Hi my name is Natinael Gebray I am living Leeds my account has been blocked could help me please.


----------



## Lissetti

Hi @Gebray welcome to the forum. Which account is blocked, your Uber one? Perhaps a little more info on what happened. Did a rider lodge a complaint against you or is one of your documents expired?


----------



## NicFit

Don’t post your personal name here, and we can suggest actions but this site isn’t linked to Uber. My suggestion is to go to a Greenlight hub and figure it out, if they aren’t open because of Kung-flu you can try calling them, though it alway best to visit in person


----------



## DaftLad

Gebray said:


> Hi my name is Natinael Gebray I am living Leeds my account has been blocked could help me please.


Thats not me. My name is James Bond And i am a Professional Uber Driver. You can call me James.


----------



## Mash Ghasem

253 days later...


----------



## DaftLad

Respect. It does help if you remember the the girl who took your first ever photo. Sadly i cant remember her.


----------



## Uber's Guber

Gebray said:


> Hi my name is Natinael Gebray I am living Leeds my account has been blocked could help me please.
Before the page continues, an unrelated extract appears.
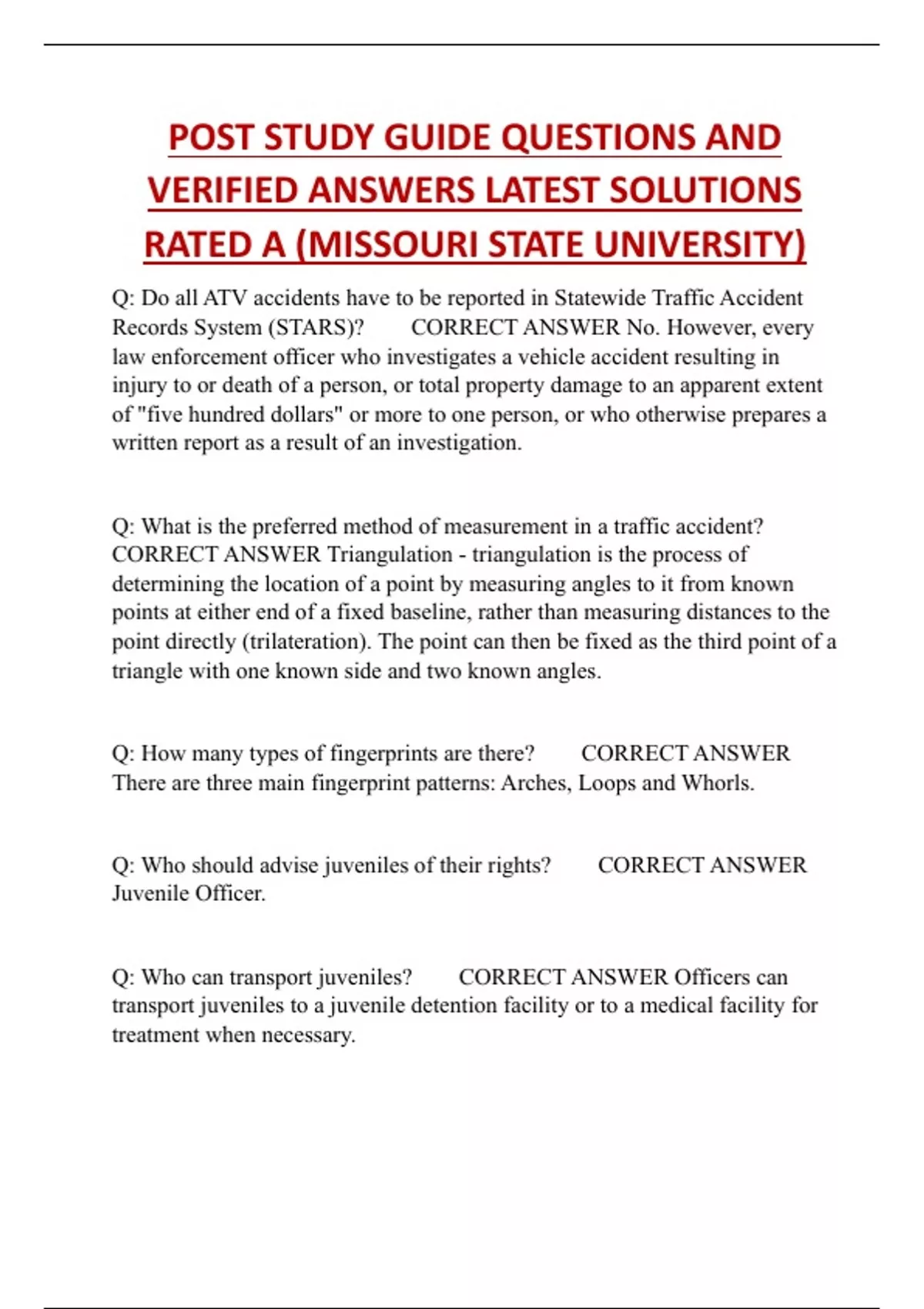 POST STUDY GUIDE QUESTIONS AND VERIFIED ANSWERS LATEST SOLUTIONS RATED A (MISSOURI STATE UNIVERSITY)
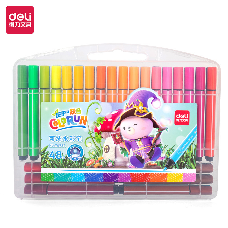 델리 70720 수채화 펜 학생 두꺼운 삼각형 수채화 펜 12/24/36/48 컬러 마크 펜

But if your account is blocked, how is it that you are able to post here?


----------



## DaftLad

Lets pretend you are taking to yourself...................



Uber's Guber said:


> But if your account is blocked, how is it that you are able to post here?


Its called A GIFT.


----------



## Mash Ghasem

278 days later (and still 1 post)... it sounds like a romcom movie: _Accountless in Leeds_


----------